Well, they were welcome to each other. Al would no doubt learn pretty quickly that Cindy was a weird and vindictive person. A ‘malicious fucker’, as Chrissy at the pub had called her once, and Chrissy was smart as hell. He should have listened to her in the first place. But Cindy was hot, and Troy loved exploring every inch of her creamy skin and dreamed of doing it again. Maybe the chance would come around, when she got bored of Al. But one thing was certain, she would never be his true love. All his ideas of settling down, having someone to care for, to care for him, were wasted on Cindy. If that ever happened, as he desperately hoped it would, it wouldn’t be with Cindy Panko.

He felt like one of the old boys in Clooney’s. He’d always refused to become like them, complaining about everything. Nothing but whinging about fisheries inspectors and fishing rules, all the bloody amateurs taking undersize fish, never any bait, and all the damn leatherjackets. Troy wondered why they kept fishing when everything about it was apparently so miserable. Droughts are no good for fish, rainy weather sucks, the wind is a pain in the arse. The fishing is always awful, it was better when they were kids before the bloody council ruined everything. They even moaned about things like the streetlights being too bright or chips not tasting like they used to or craft beer taking up too much space in the bottle shop. It seemed that to be a keen fisher, you had to whinge about everything. Troy didn’t want to be that way. But maybe just for today he’d stare sullenly out at the ocean, grey in the dawn light, and let his inner cantankerous old bastard have dominion.

He loved to get up early and fish, it was his meditation. Maybe it would make him feel better. One thing he and his dad and his older brother had always enjoyed was the fishing. Never his sister, the middle child. Rose always screwed up her face at the very thought of it. That was okay. The Mackay boys enjoyed their thing. But his dad had given it up, too early, too late, too cold, too hot. Any excuse for the passion he’d lost. Same as the way the passion had drained from his marriage.
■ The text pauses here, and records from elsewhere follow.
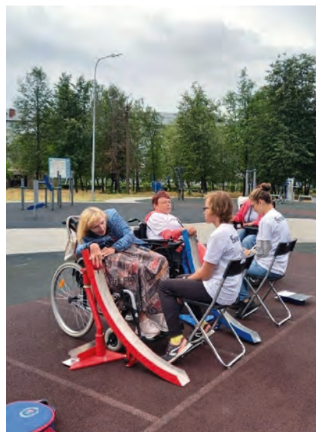
Парк «Радуга», Нижегородская область

Татарстан в числе первых субъектов РФ активно включился в развитие велоинфраструктуры. «Умные» велодорожки Smart Track с сопутствующей инфраструктурой — велосчетчиками, подсветкой, разметкой, СТО — в 2017 году появились в Иннополисе и Альметьевске. Казань, конечно, тоже стабильно расширяет веловозможности для горожан, делая ставку на качественное покрытие и разведение потоков «велосипедист — пешеход» за счет навигации и применения разных дорожных покрытий. Недавно открыт новый участок — вдоль берега р. Казанки между Чашей и Кремлевской Набережной. Судя по отзывам в Сети, велодорожка получилась шикарная.
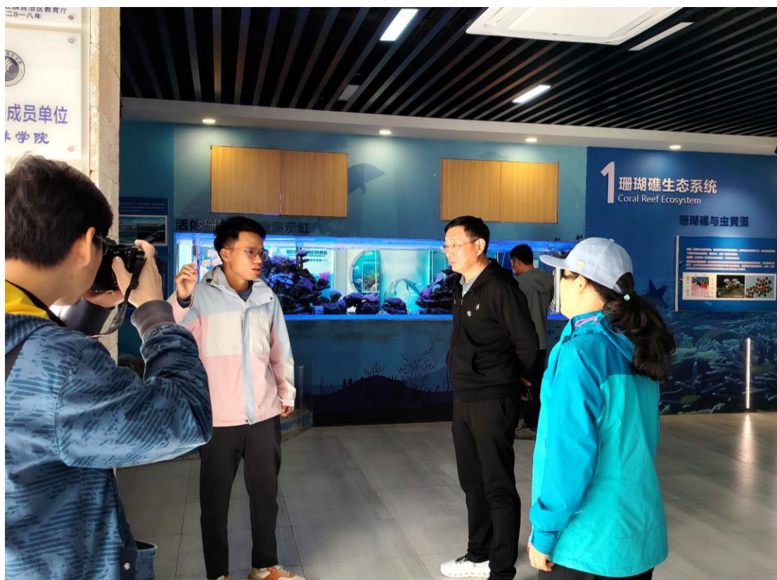
自治区科协陪同中国工程院张福成院士来馆考察
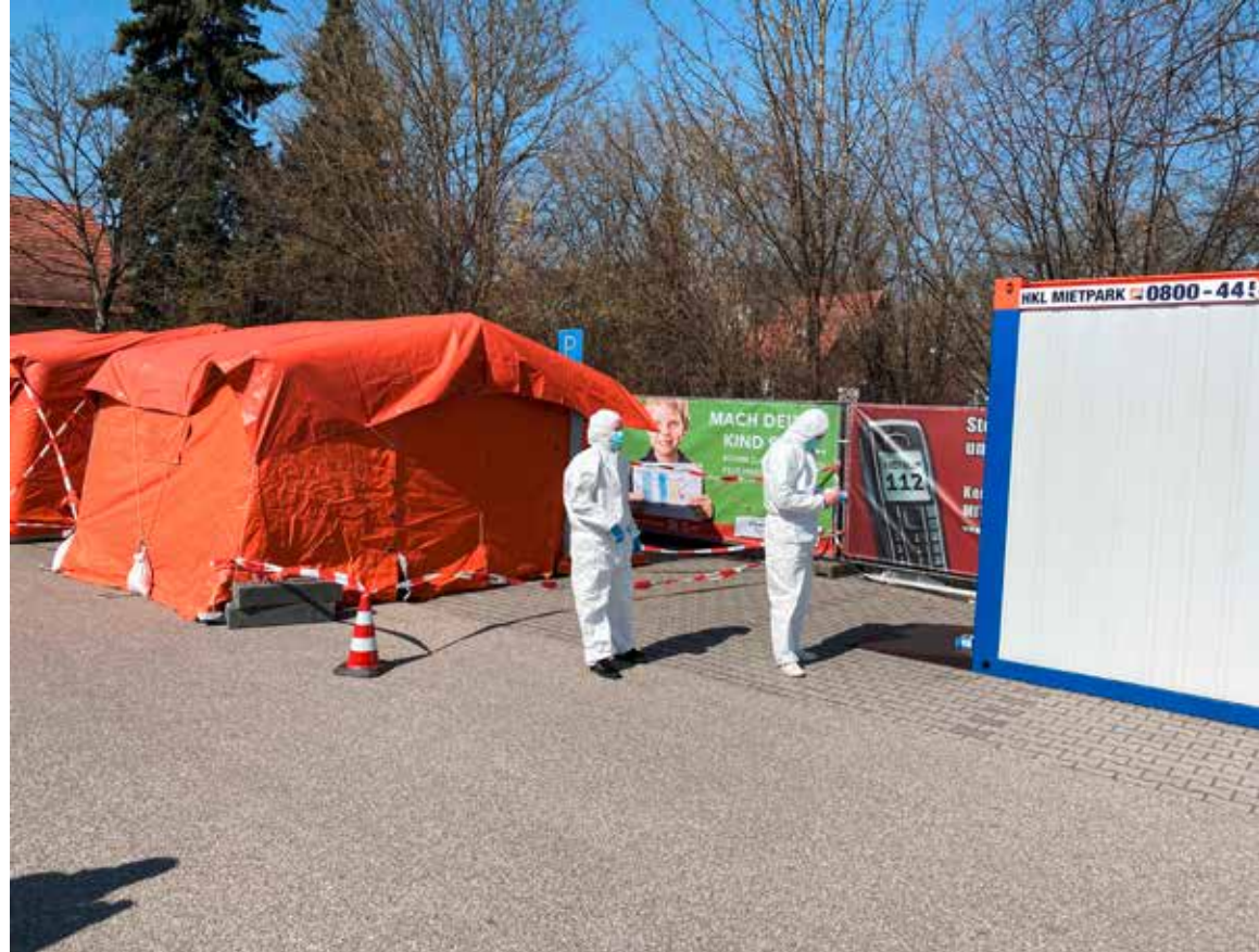
Unter den freiwilligen Mitarbeitern sind viele Medizin-Studenten

Viele der Mitarbeiter an den Teststationen sind Medizin-Studenten, die freiwillig mitarbeiten. Vorlesungen finden momentan nicht statt. Ausgestattet mit Schutzbrille, Kittel, Mundschutz und Handschuhen warten sie vor den Büro-Containern auf die nächste Testperson. Die Termine werden dabei im 10-Minuten-Takt vergeben. Die Mitarbeiter erklären dem jeweiligen Patienten, wie sie die Beprobung durchzuführen haben. Jeder Patient erhält ein steril verpacktes Test-Stäbchen, mit dem er im Rachen einen Abstrich nimmt. Anschließend steckt er es in ein flüssigkeitsgefülltes Röhrchen und verschließt es – fertig. Falls es doch mal zu Problemen kommen sollte, wären zu jeder Zeit an beiden Teststationen Mitarbeiter von Sicherheitsfirmen da, die zum einen den sogenannten
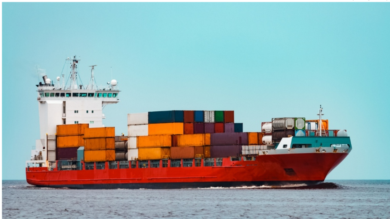
▲ Sendo uma relação bilateral, o Brasil também importou produtos do país asiático, como produtos florestais e têxteis. As importações somam aproximadamente US$ 1,18 bilhão

de Comércio e Relações Internacionais do Mapa (SCRI), entre agosto de 2023 e julho de 2024, a China foi o principal destino das exportações brasileiras do agronegócio, totalizando US$58,60 bilhões (aproximadamente R$286,38 bilhões). Houve um aumento de 10% em comparação ao período anterior. Em 2023, as exportações para a China atingiram um recorde de mais de US$ 60 bilhões (cerca de R$ 293,40 bilhões), um crescimento de mais de US$ 9 bilhões (R$ 44,01 bilhões) em

Troy’s brother still fished occasionally, but said he had no time any more, now he was manager of the wood yard and a qualified tree surgeon. Always busy, and about two minutes from married with kids, Simon had done okay. His girlfriend, Laura, was the right stuff. A bit ordinary in the looks department, but solid, fun, honest, kind. They would have staying power. Si was a lucky bastard. He would get his family.
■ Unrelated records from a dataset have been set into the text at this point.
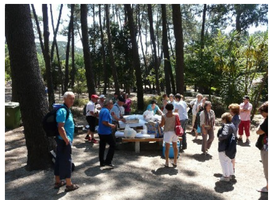
« Les Petits Cochons... »
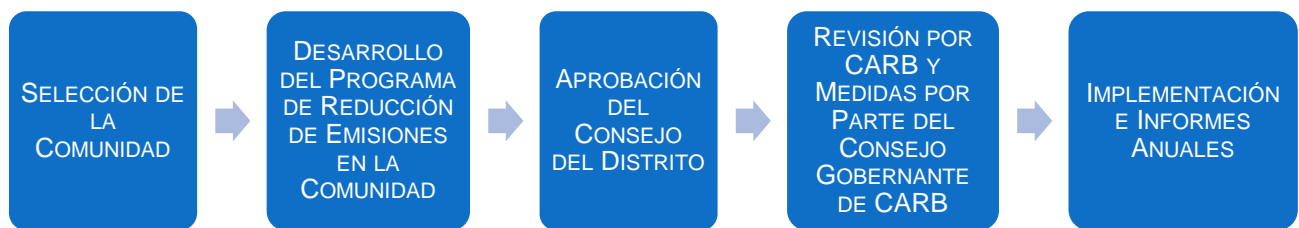
Figura C-1 Resumen del Proceso de los Programas de Reducción de Emisiones en la Comunidad

El propósito de los programas de reducción de emisiones en la comunidad es centrarse y acelerar nuevas medidas para lograr reducciones de la contaminación del aire directas
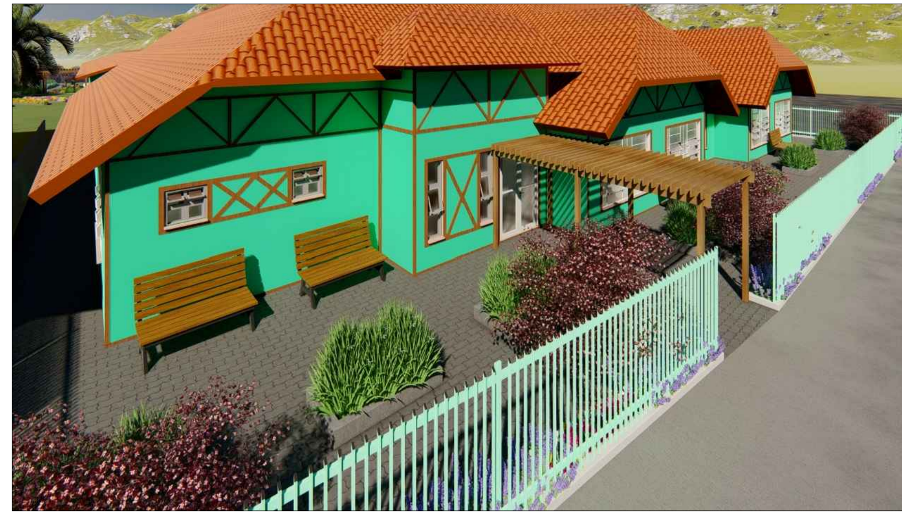
PERSPECTIVA 3D SEM ESCALA
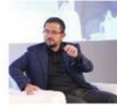
Ali Sabancı Esas Holding Yönetim Kurulu Başkanı VIII. KURUMSAL YÖNETİM ZİRVESİ
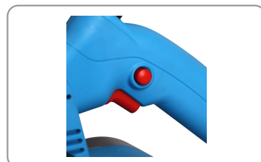
Molette de centrage de la bande.
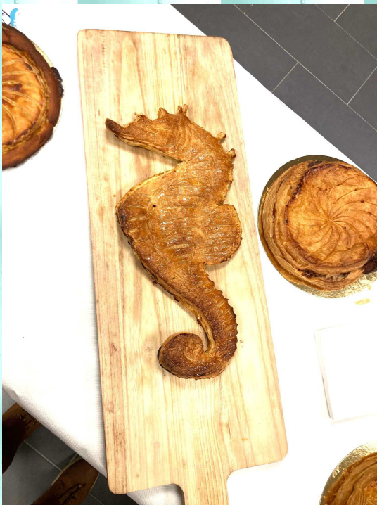
Superbe galette « Spéciale A S R

Avec ces galettes, il était normal de les accompagner avec un produit local (faible en bilan carbone), je veux parler du jus de pomme et de l'excellent cidre. Bien que délicieuses, il en est resté. Je pense que certains sont repartis avec quelques parts supplémentaires de galettes pour continuer la dégustation à domicile.
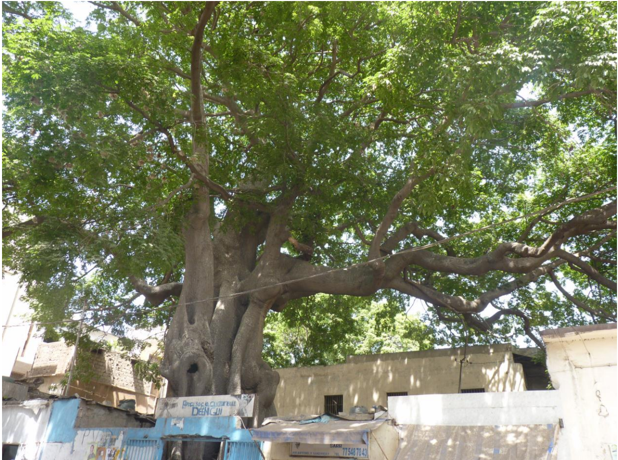
Arbre dans un quartier Lébou, Dakar-Plateau, 2014. Sénégal
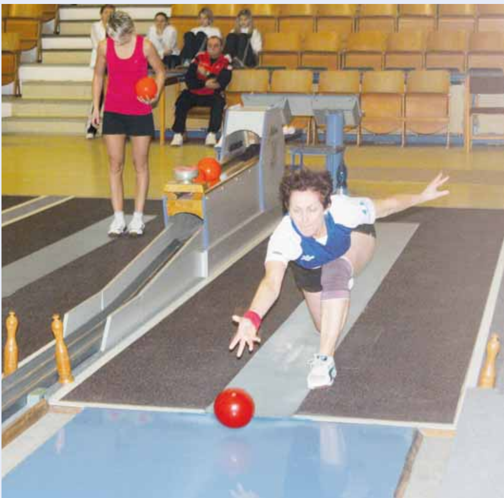
Boj o první místo. Kuželkárky TJ ČKD Blansko stále vedou tabulku 1. ligy o skóre před Slavii Praha. V domácí utkání zdolaly Valašské Meziříčí jasně 7:1.
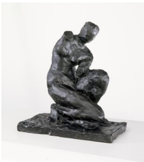
Henri Matisse. Venus agachada, 1918-1919.

Este repertorio de formas, que toma como base la estatuaria clásica, el arcaísmo griego o la escultura egipcia, entre otros, evolucionará a una escultura moderna, influida por artistas contemporáneos a Matisse, como Aristide Maillol o Auguste Rodin . La inspiración clásica se refleja de forma intercalada en diferentes etapas de su producción, como en el bronce Venus agachada (1918-1919).

Troy reached his spot and stood staring at the ocean for several minutes, checking the swell, feeling the breeze. Nerves tickled over him, a strange sensation of expectancy. Why was he nervous? The thing his dad had instilled in him and Simon right from the start, when he and his brother were both wide-eyed little boys, was respect for the environment. Always keep a good sense of your surroundings, never turn your back on the ocean, and save yourself from wave knockdowns and subsequent lacerations, or even drowning. When it came to participant deaths, rock fishing was the most dangerous sport in Australia, Troy had been told. Unexpected waves or slipped footing off a platform into the churning waves with no lifejacket claimed a lot of lives every year. His dad had made him and Simon well aware of the risks, had always insisted they wear lifejackets as boys. Of course, he didn’t any more. He didn’t want to look like an idiot out here.